De acordo com o tribunal de origem, ainda durante a união estável, houve uma manobra para prejudicar a mulher: o imóvel foi comprado pelo companheiro e colocado em nome de seus filhos menores (frutos de relacionamentos atual e anterior), constando ele próprio como usufrutuário vitalício do bem.

Para o ministro Bellizze, o uso desvirtuado do instituto do usufruto não pode prejudicar o direito da parte à meação do bem adquirido na constância da união estável:

“Tem-se, portanto, que a intransmissibilidade do usufruto não pode se sobrepor ao desvirtuado uso do instituto, como se deu na hipótese, em que o recorrente, na vigência da união estável, utilizou-se de patrimônio integrante da comunhão de bens do casal para, por pessoas interpostas — no caso, seus filhos menores de idade (valendo-se do poder de representação) —, instituir em seu exclusivo benefício o direito real de usufruto.”

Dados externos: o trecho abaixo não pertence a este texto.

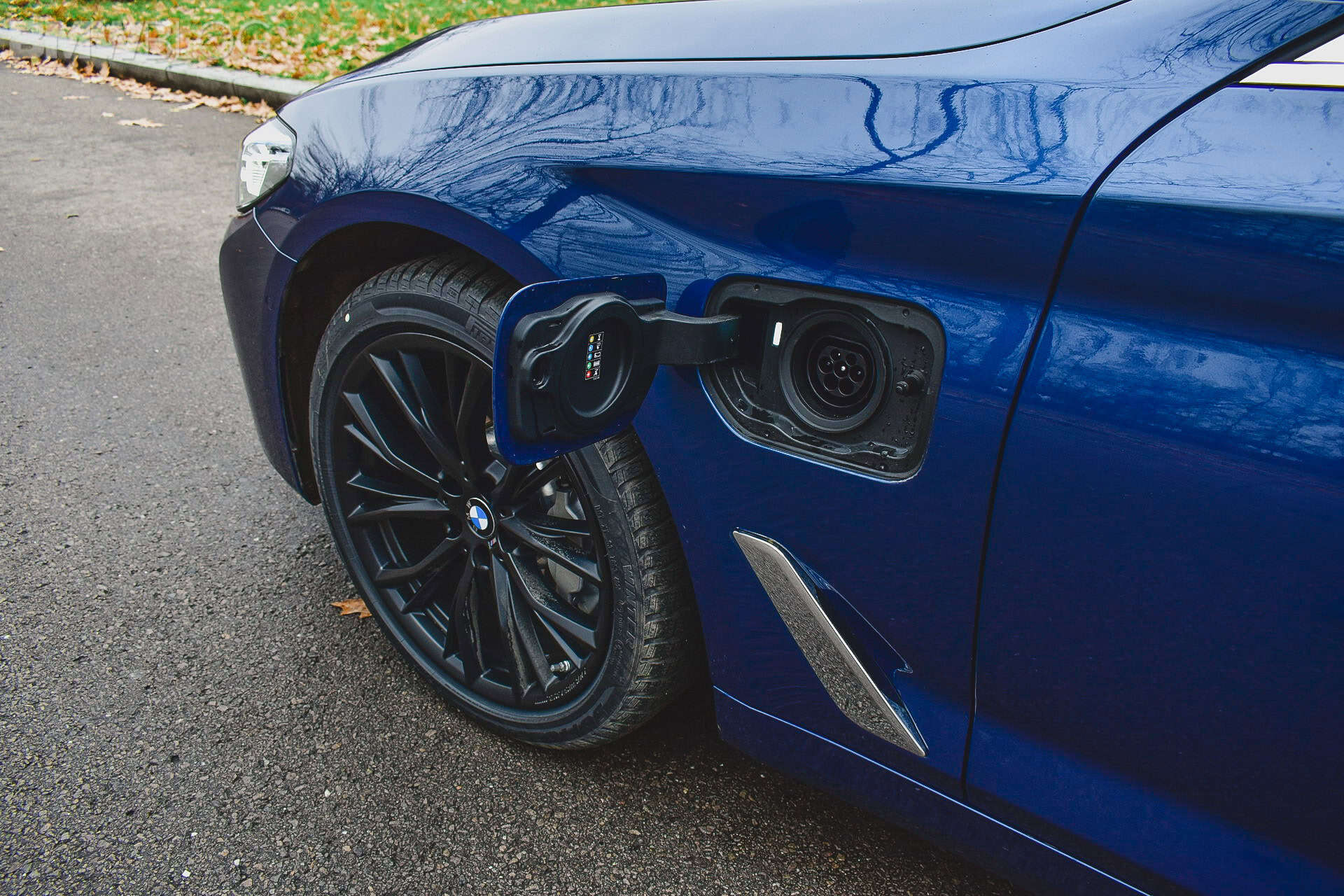 The distinctive sign to tell us this is an electrified 5 Series is the separate flap on the front wing, right above the chromed side air breather, hiding the charging port for the electric unit. Other than that, the “e” letter in the nomenclature of the model also reminds us that the car has considerable environmental aspirations.

O relator destacou que, “reconhecido que ambos são titulares do direito real de usufruto, e não sendo viável o exercício simultâneo do direito, absolutamente possível a cessão do bem imóvel, a título oneroso, a terceiro (v.g., contrato de aluguel), cuja remuneração há de ser repartida, em porções iguais, entre os ex-cônjuges. Alternativamente, no caso de apenas um dos usufrutuários exercer o uso do bem, abre-se a via da indenização àquele que se encontra privado da fruição da coisa, compensação essa que pode se dar mediante o pagamento de valor correspondente à metade do valor estimado do aluguel do imóvel. Em qualquer hipótese, as despesas do imóvel hão de ser arcadas pelos dois usufrutuários”.